Durante su estancia en la Gran manzana se dijo a sí mismo que no había ciudad más cosmopolita y cargada de vitalidad que Nueva York, y que con razón se la llamaba «la ciudad que nunca duerme». Creyó que no habría sitio inigualable a Times Square, con sus miles de almas paseando por calles de neón, riendo, llorando, discutiendo o simplemente embelesadas como él ante la inmensa jungla de asfalto que se abría ante ellos, con rascacielos tan altos que ver el manto de estrellas durante la noche era tan imposible como que las alas de Ícaro hubiesen funcionado.
Vio también a camellos traficando con droga en la esquina de Broadway, y a viandantes negociando con las prostitutas que tomaban la Séptima avenida cuando la policía hacía la vista gorda. Los chulos las vigilaban mientras las esperaban en sus llamativos coches y no dudaban en apalearlas si notaban que sus putas escondían algo de dinero en el coño.

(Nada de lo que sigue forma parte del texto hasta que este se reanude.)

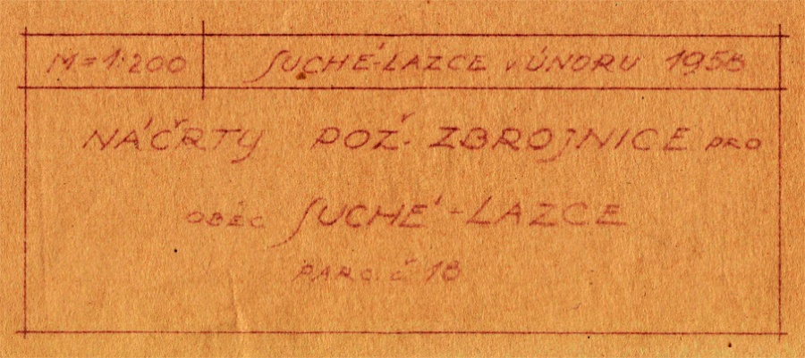 Plány hasičkého sboru v Suchých Lazcích v minulosti rozhodně nebyly malé. Dokladem toho je náčrt hasičské zbrojnice z února 1958. Požární zbrojnice měla být na parcele č. 18 naproti současné požární zbrojnice (ulice Ve dvoře, na parcele pana Lumíra Jelonka). Existovaly dvě variantní řešení budovy. 1. Drahší verze tzv. "Volný návrh" s odhadem nákladů 450 tis. Kčs byl řešen jako přízemí, patro a podkroví. (viz vizualizace 1. varianta ) Rozměr budovy u tohoto řešení počítal s velikostí půdorysu 21 x 10,9 metrů a výška věže měla dosahovat 14 m.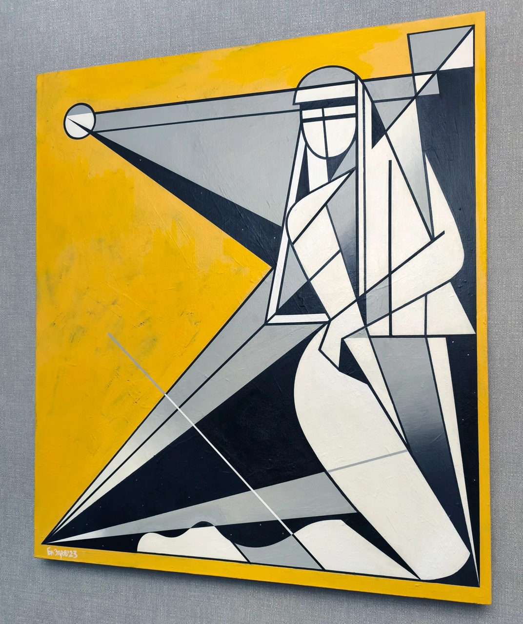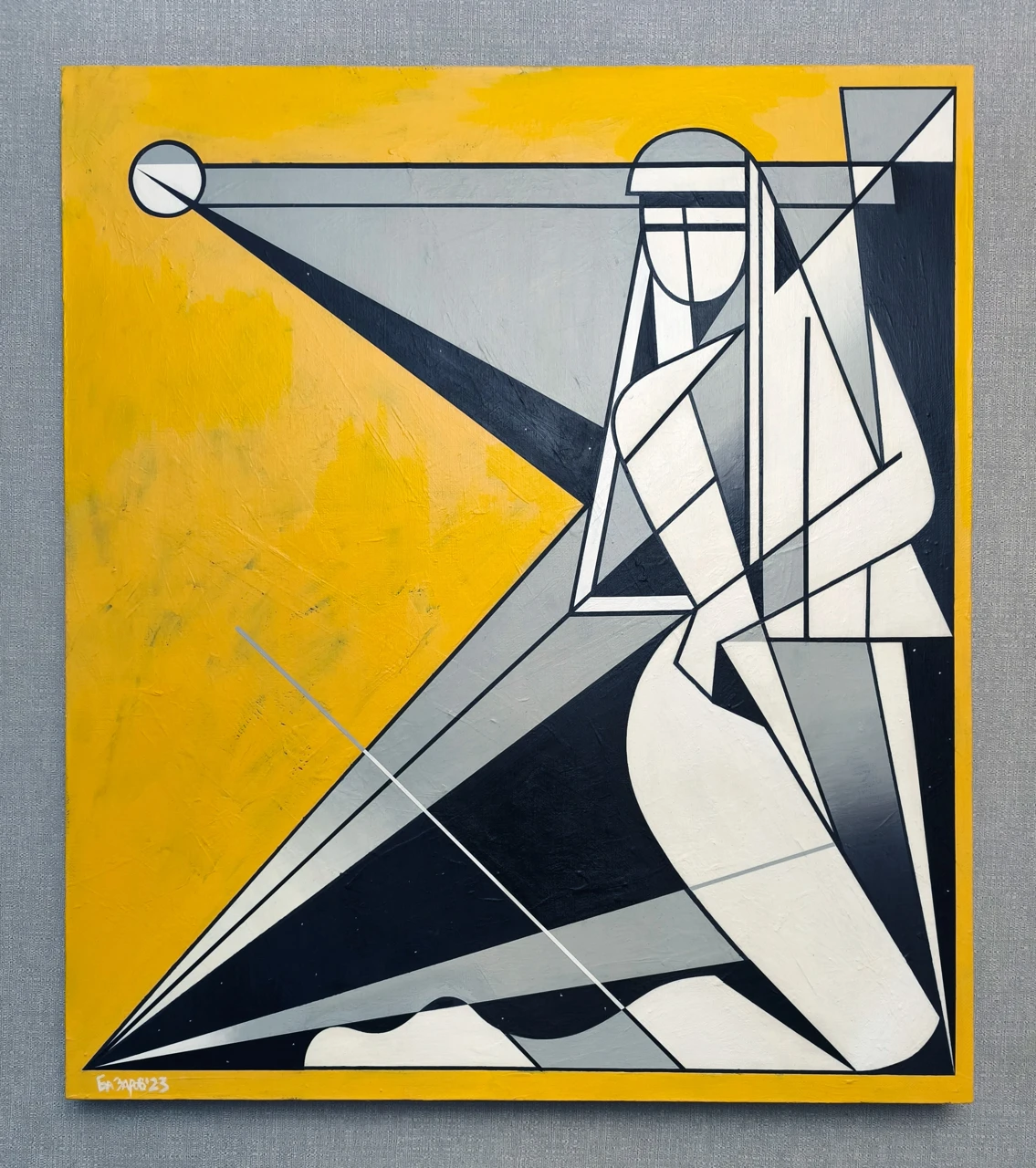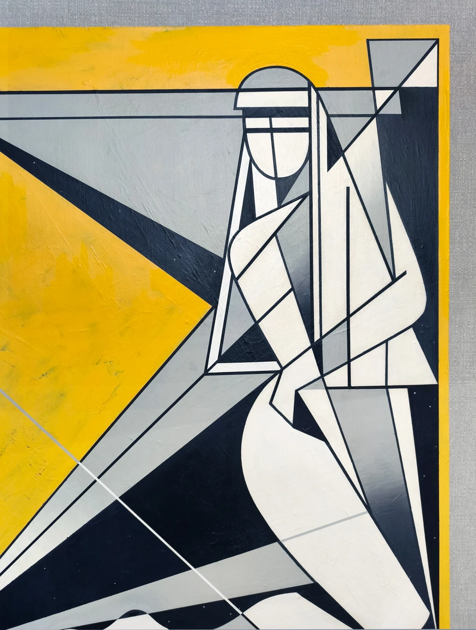 Женская фигура стоит, слегка обхватив локоть, и смотрит в сторону. Её образ собран из чётких линий, белых и серых плоскостей и чёрного контура. Вся композиция заключена в форму треугольников. Ровный цвет фона служит для неё строгим обрамлением, подчёркивая лаконичность и графичность силуэта.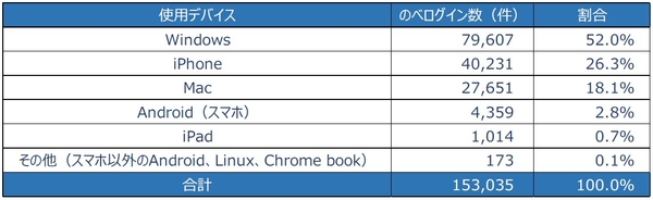 使用しているデバイスは以下の通りで、Windowsが半数を占めました。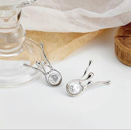 Abstrakte Ohrringe mit Kunstperlen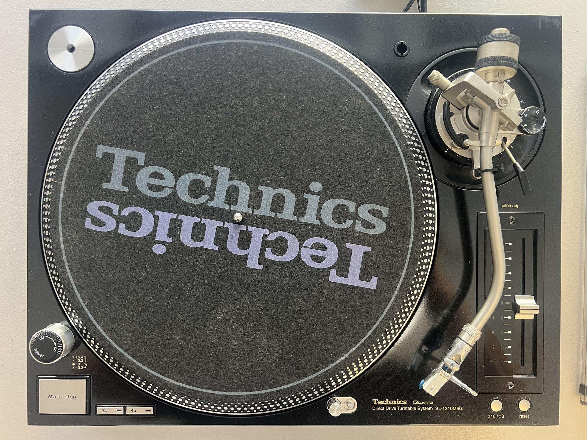 Excellent condition Technics 1210M5G. All original and comes with dust cover and Sure White label Stylus. Not internally grounded. Always used as a 3rd deck so not a whole lot of mileage on this unit.

Puro espíritu de Nueva York.
Después de la guerra biológica, a la Gran manzana se la podría haber llamado «la ciudad de los árboles de ramas rotas» por los miles de brazos alzados, con dedos encrespados en manos arrugadas, que mirarían al cielo en una mueca de horror absoluto, suplicando para que los neones de Broadway volvieran a encenderse una vez más en Manhattan, sólo una vez más.